A couple weeks back, I was fishing the Strait of Juan de Fuca for silver salmon, using both fly rods and gear. the writeup below is somewhat humorous, but mostly accurate.

Salmon Slam 2013

Hey steelheaders…

Let’s face it — keeping up the hipster, fly fishing super-predator persona can be exhausting. Plus, all that spey casting for days on end without a fish – you need a break.

Allow me to recommend bucktailing for salmon to refresh your perspective.

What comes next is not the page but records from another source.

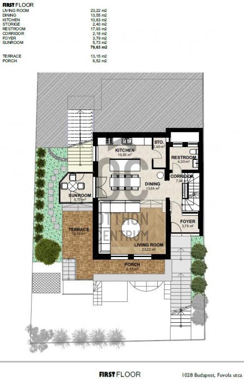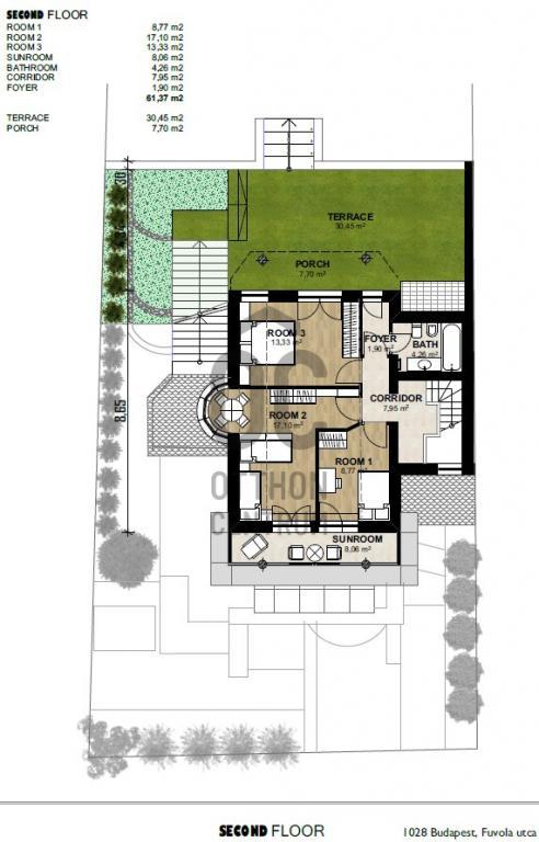 2.emelet: 3 hálószoba, fürdő+WC, közlekedő, teraszkapcsolat
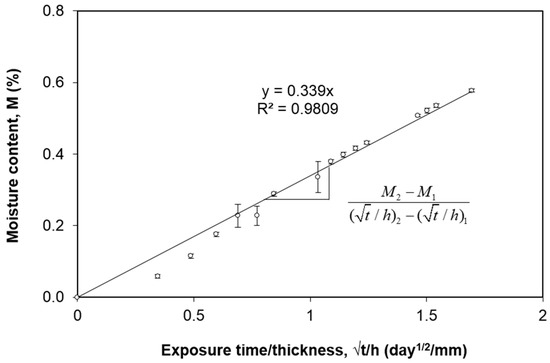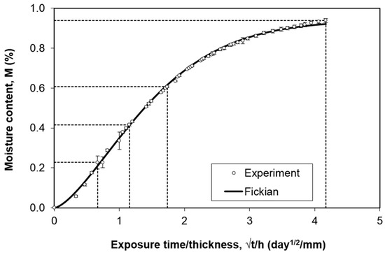 The average experimental moisture absorption curve is shown in Figure 2. The error bars indicate the standard deviation of each measurement. The average maximum moisture content Mm is 0.94%. To apply Fickian diffusion model [18], the slope of the initial linear region which is up to 60% of Mm is fitted (Figure 3). The value of the slope (0.339) corresponds to as described in Equation (4). The diffusivity Dz = 2.56 × 10−2 mm2/day is thus obtained using Equation (4).
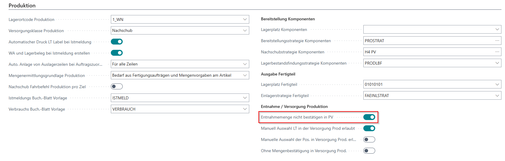 The option field No confirmation of take out qty in PS was previously still located in the Internal Transports section. However, since it referred to production supply, we have moved it to the Production area. It can now be found under the heading Withdrawal / Production Supply.
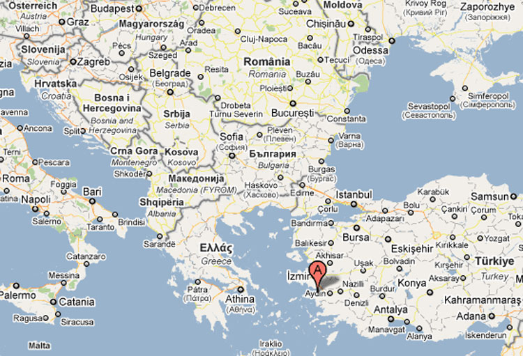 این شهر در 95 کیلومتری جنوب ازمیر و 55 کیلومتری (آیدین) قرار دارد.
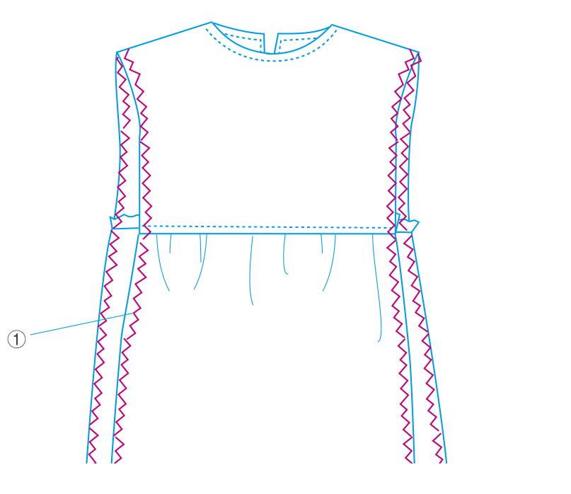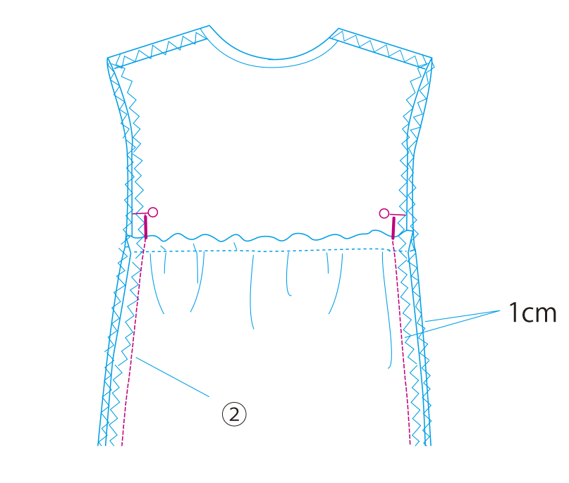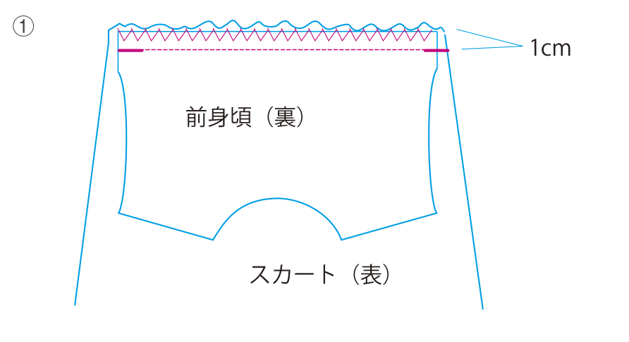 ①前身頃と前スカートを中表に合わせて縫い、

You can do it all over the Oregon Coast. But we typically travel to a tiny outpost on the Strait of Juan de Fuca was built up in the 1950s as a fishing resort, and then mostly abandoned in the 1990s when the salmon numbers fell through the floor. The lodging options and rental boats remain frozen in time. Drive with a friend to Sekiu, and rent a room and a boat.

Salmon Slam 2013

To get a sense of your fishing vessel, imagine a 55-gallon drum, cut in half vertically, with a small unreliable outboard clamped to the back. Or a cardboard box shellacked with polyurethane. The boats have a wide, flat bottom with hardly a keel, low sides and no real V-shape in front. It won’t slice through waves, as much as try to push through them. It will veer out of control randomly – a sensation like riding a bike on an iced pond.

Fill the entire front of the boat with a giant cooler. Fill that with ice and Rainier. Styrofoam coozies are optional. Mine is yellow, pirate-themed, and reads “Surrender the Booty”. Start working through Rainiers immediately. Proceed to roughly the middle of the Strait, and begin trolling 50-feet of fly line and a Clouser Minnow behind the boat at the speed of your choosing.

The old timers call this method bucktailing. The trick is to drink all your beer, pull your Buff up over your face, and pass out from the engine exhaust. We call this technique the “Flying Dutchman”.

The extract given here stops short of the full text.